You can do that for different groups and get similar but not the same numbers.
That tells you that IQ differences have a strong genetic component.

Let's say you know (made up numbers) that group A has an average IQ of 100 and a heritability of 70% and group B has an average IQ of 85 and a heritability of 67%.

There is no way to determine how much of the difference in the phenotypic IQ is due to genetic factors without knowing what causal genetic variants are.

It appears plausible to some people that you could just calculate the that from the group numbers (IQ, heritability) but in fact you can't.

It could be that in group B all of the lower IQ is due to uniformly poor environmental conditions for that group, which is why it wouldn't show up in heritability, because that only measures the differences between individual within that group not across other groups.

Bottom line: once we have reliable genomic estimates of IQ, we can make statements about genetic IQ differences across groups. Until then, we should not claim that we can.

I estimate that this capability will be there within the next 5 to 10 years.

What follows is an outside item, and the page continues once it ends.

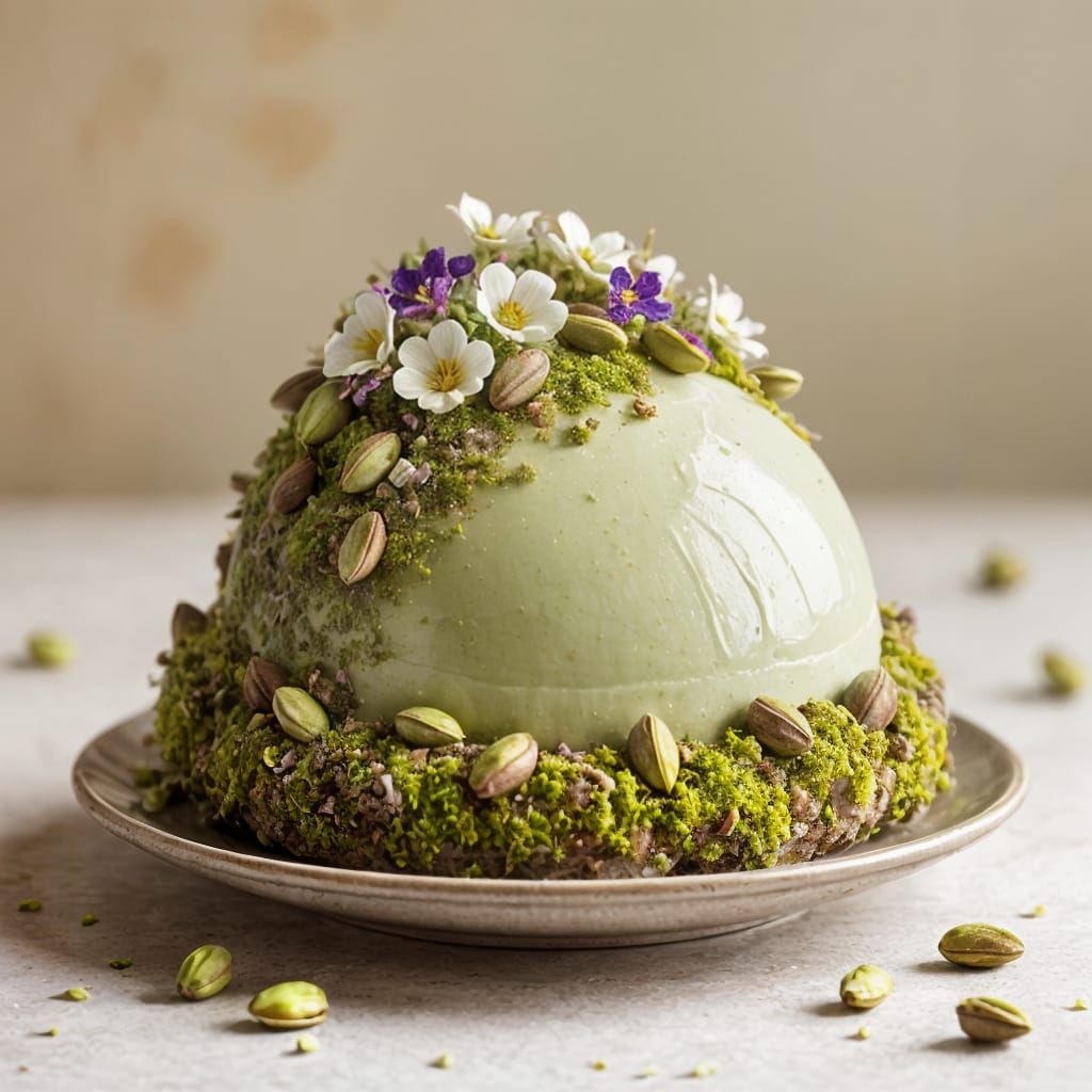 Pistachio Garden A pistachio mousse dome shaped like a tiny moss-covered hill, decorated with edible flowers and candied pistachios. Beeswax shards glimmer in the light as the camera pans low across the plate, evoking a magical edible garden.

Basing demands for political equality on the assumption that there are no genetic group differences is foolish, because if science finds out that there are substantial differences (a very plausible but not guaranteed result), racists will say: "see you said everyone is equal genetically and should be treated equally, but now we know that there are genetic differences between groups and therefore we should treat them differently."

If you base your ethics on individual rights rather than claims about group equality you will not run into this problem."